Charges ne permettant pas la récupération de la TVA
D'autres dépenses sont soumises à la TVA mais la récupération de la TVA est interdite et doit donc être supportée par l'entreprise :
- le carburant automobile,
- l'entretien et la réparation de véhicules automobiles (y compris les breaks ou véhicules dits utilitaires), motocyclettes (y compris les motocyclettes utilisées pour la livraison) ou moto,
- les locations de véhicules automobiles,
- les transports de personnes,
- les cadeaux (sauf si la valeur unitaire par personne et par an ne dépasse pas 31 euros TTC, anciennement 200 F).

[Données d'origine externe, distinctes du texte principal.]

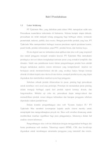 Ketika sebuah pengembang situs web memiliki ide untuk produk baru, penting untuk melakukan analisis sistem informasi secara menyeluruh sebelum ide tersebut diwujudkan. Ide awal biasanya muncul sebagai konsep di kepala seseorang atau sketsa kasar di atas kertas. Namun, sebelum ide tersebut diproduksi secara massal oleh perusahaan, biasanya akan dibuat versi awal atau sampel dari produk tersebut yang dikenal sebagai prototipe. Di PT Tjakrindo Mas, analis sistem diberikan kesempatan untuk mengembangkan sebuah situs web inovatif yang berfokus pada analisis sistem informasi. Tujuan dari situs web ini adalah untuk memberikan manfaat bagi para pengguna dengan menyediakan sumber daya dan informasi yang relevan di bidang ini. Proses pengembangan situs web "System Analyst IT" dilakukan dengan memanfaatkan berbagai alat bantu pembuatan web yang canggih. Alat bantu ini mencakup bahasa pemrograman seperti HTML, CSS, dan JavaScript, serta sistem manajemen basis data seperti MySQL. Selain itu, framework modern seperti Laravel digunakan untuk memastikan pengembangan berjalan efisien dan hasil akhir sesuai dengan harapan. Dengan memanfaatkan teknologi ini, para analis sistem di PT Tjakrindo Mas mampu menyelesaikan proyek pengembangan situs web "System Analyst IT" secara optimal. Situs ini dirancang untuk membantu pengguna mencari rekomendasi mengenai alat, teknik, dan metodologi terbaik dalam analisis sistem informasi. Pengembangan situs web ini tidak hanya mencakup pembuatan prototipe awal tetapi juga penyempurnaan lebih lanjut agar situs tersebut dapat menjadi sumber daya yang komprehensif dan bermanfaat bagi pengguna. Pada akhirnya, proyek ini menjadi bagian dari Praktek Kerja Lapangan yang bertujuan untuk memberikan pengalaman praktis dan mendalam dalam mengembangkan situs web yang dapat memenuhi kebutuhan pengguna. Melalui pengembangan yang berkelanjutan, situs web "System Analyst IT" diharapkan dapat menjadi panduan yang handal dalam analisis sistem informasi.

- S'agissant des dépenses de restaurant, de réception et de spectacles, qu'elles soient effectuées au profit de tiers, du professionnel libéral ou des salariés, la TVA est récupérable à condition que ces dépenses soient engagées dans l'intérêt de l'activité. Demeurent exclues du droit à déduction de la TVA, les dépenses engagées dans l'intérêt personnel des professionnels ou des salariés.

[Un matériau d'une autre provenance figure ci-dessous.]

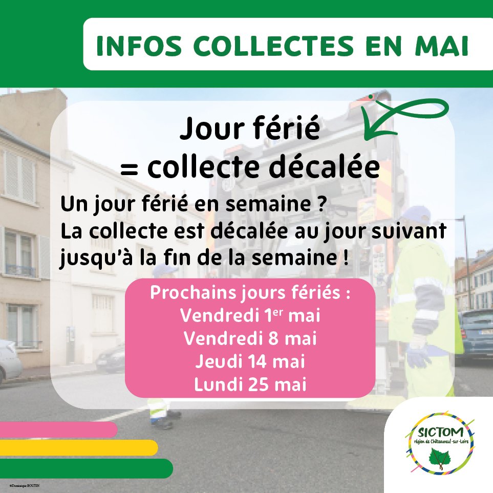 Quand la collecte tombe un jour férié, elle est décalée au lendemain, jusqu’à la fin de la semaine !
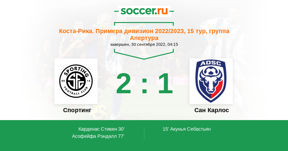 Протокол матча Спортинг Сан-Хосе против Сан Карлос
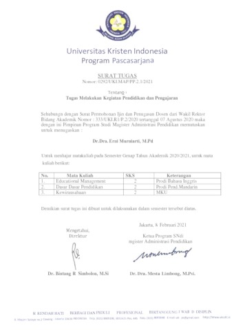 Murniarti, Erni (2021) Mata Kuliah : Dasar-dasar Manajemen Pendidikan. UKI. (Unpublished)
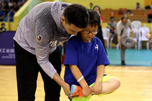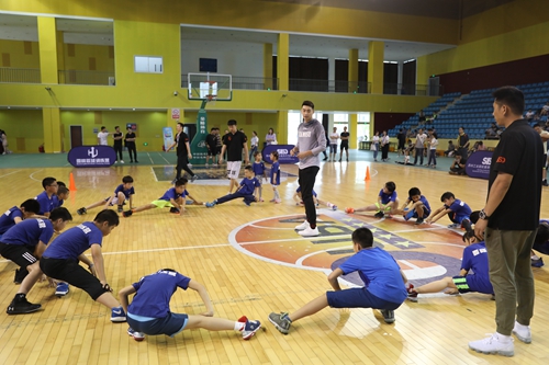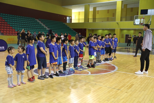 在热情的球迷互动中,大家见到了自己心中的篮球明星。现场遴选出的20位小朋友在胡指导的亲自带领下,分组进行了训练展示,并一一获得了专业性的篮球动作辅导,部分有训练基础的孩子也表现出了娴熟的运球能力。

Charges non déductibles fiscalement
N'oubliez pas enfin que certaines charges ne sont pas fiscalement déductibles (qu'elles soient ou non soumises à la TVA) et qu'il n'y a donc pas lieu d'en tenir compte sur le plan fiscal.
Il s'agit essentiellement des charges suivantes :
- amortissement des voitures particulières pour la fraction de leur prix qui excède 18 300 euros
- dépenses personnelles : restauration, hébergement, logement, vêtements, protection sociale complémentaire (dans certaines limites)
- frais financiers et bancaires résultant du débit d'un compte en raison des prélèvements personnels de l'exploitant (agios, intérêts, frais d'emprunts?)
- fraction non déductible du salaire du conjoint de l'entreprise
- certains impôts : impôt sur le revenu, taxe d'habitation et une fraction de la CSG, CRDS
- pénalités fiscales (amendes, intérêts de retard, majorations). Les pénalités de retard de paiement des cotisations sociales sont en revanche déductibles.
- amendes (contraventions au code de la route par exemple)
- charges dites "somptuaires" : résidences, yacht, bateaux de plaisance, chasses?
Voir aussi : Charges non déductibles

Immobilisations
Comme les charges, vos immobilisations seront comptabilisées TVA comprise. Leur coût sera donc majoré de 19,6 %. En contrepartie, l'amortissement déductible se fera sur le coût TTC.
Soulignons que certaines immobilisations ne permettent pas de récupérer la TVA (voitures automobiles y compris les véhicules break ou utilitaires, motocyclettes?).